Citation improvement mechanism:

  1. User asks question in ChatGPT/Perplexity
  2. LLM retrieves potential answer sources
  3. LLM checks author and organization credibility
  4. Finding clear entity pages increases confidence in the source
  5. Higher confidence increases citation probability

Observed impact:

  • Content with strong entity pages: 2.5-3x higher citation rates
  • Content with weak entity signals: Baseline citation rates
  • Content with no entity pages: 40-60% lower citation rates

The improvement comes from entity confidence, not from entity pages getting directly cited. The entity pages support the content pages that get cited.

Should every team member have an entity page?

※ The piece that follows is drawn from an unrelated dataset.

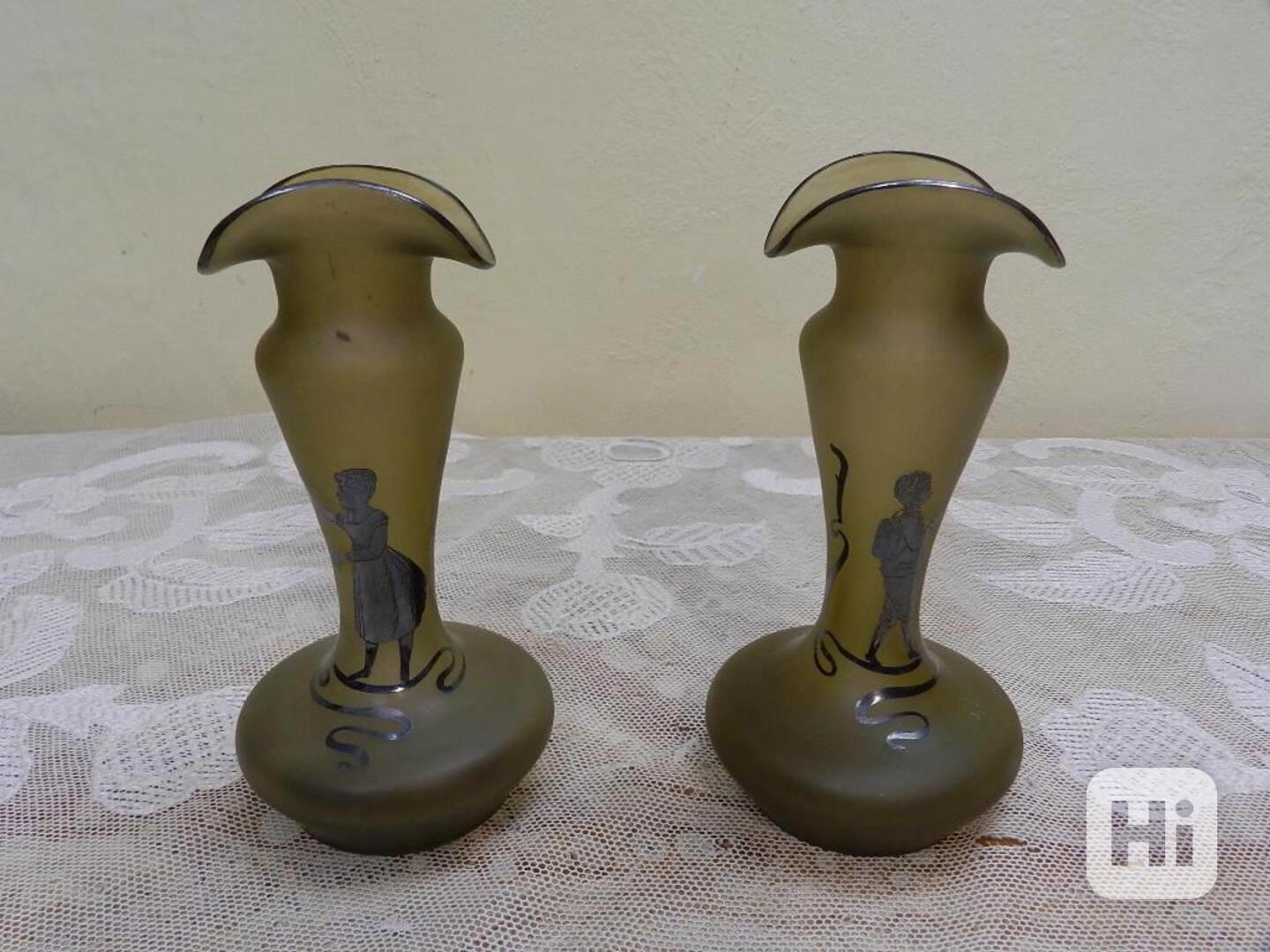 Krásné secesní párové Vázy zdobené stříbrem - Čechy, kolem 1900, nečištěno.Rozměry: výška 18,5cm, průměr 9,5cm.

No. Focus entity pages on people who create or approve content, people mentioned in content, or people representing the organization in thought leadership.

Entity page priority:

  • Mandatory: Founders, executives, content authors, subject matter experts
  • Recommended: Senior team members, department heads, frequent contributors
  • Optional: General staff, administrative roles
  • Not needed: Contractors, temporary staff, non-public roles

Creating entity pages for everyone dilutes focus and creates maintenance burden. Priority should go to people whose credibility directly impacts content trustworthiness.

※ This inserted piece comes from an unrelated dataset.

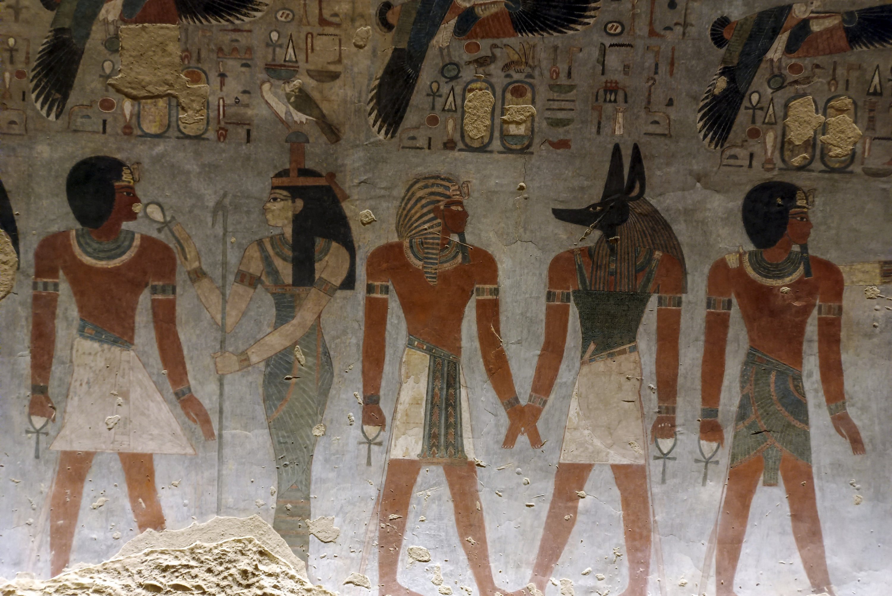 The tomb starts with a 36-meter (118-foot)-long, 14-meter (45-foot)-deep, downward-sloping passageway beneath the Valley of the Kings. It includes a main burial chamber for the king and two other chambers for his wives, Queens Tiye and Sitamun.

How often should entity pages update?

Update entity pages when facts change, but avoid unnecessary churn.

Update triggers:

  • Role or title changes
  • New credentials or certifications
  • Significant achievements or publications
  • Contact information changes
  • Organization structure changes
  • Service offerings expand or change

Update schedule:

  • Review entity pages quarterly
  • Update immediately when factual changes occur
  • Maintain changelog documenting what changed and when
  • Verify all referencing content updates consistently

Stale entity pages create trust problems. If your bio says you’re CTO but you became CEO six months ago, that inconsistency reduces entity confidence.